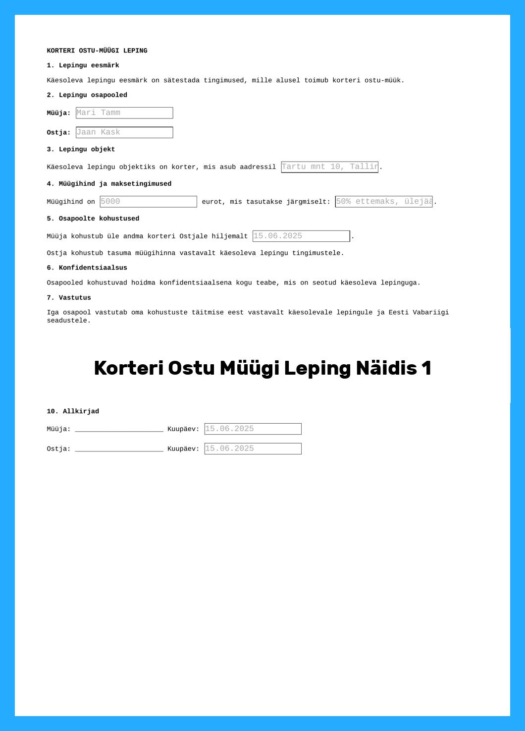 Korteri Ostu Müügi Leping Näidis
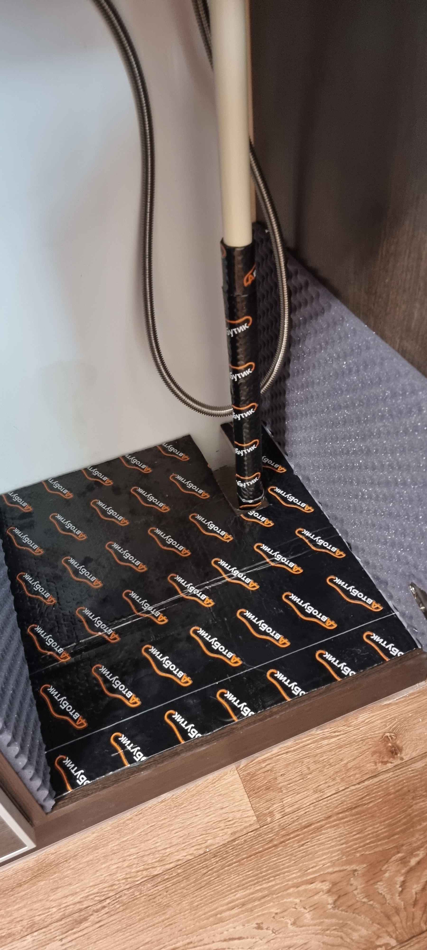 Вешаем родную полку, предварительно наклеив и на неё шумку:
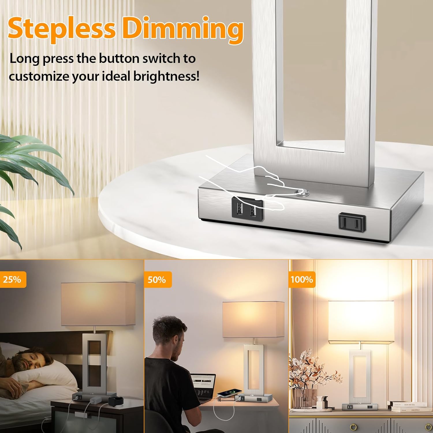 γπ¨π ππππππ 5%-100% πΊπππππππ π«ππππππγNot only limited to 3-level brightness, our modern touch control table lamps can be freely dim from 5%-100% by long press the button on base! This set of 2 dimmable table lamps provide multiple lighting effects to meet all kinds of occasions for no matter home or office. No more steps to reach a troublesome wall plug to control your outdated lamps

WHAT IS REQUIRED: Reproduce only the lines from the beginning of the data through the line that contains "Вешаем родную полку, предварительно", both included, and please drop the pictures.

WRITTEN REPLY:
 Korteri Ostu Müügi Leping Näidis
 Вешаем родную полку, предварительно наклеив и на неё шумку:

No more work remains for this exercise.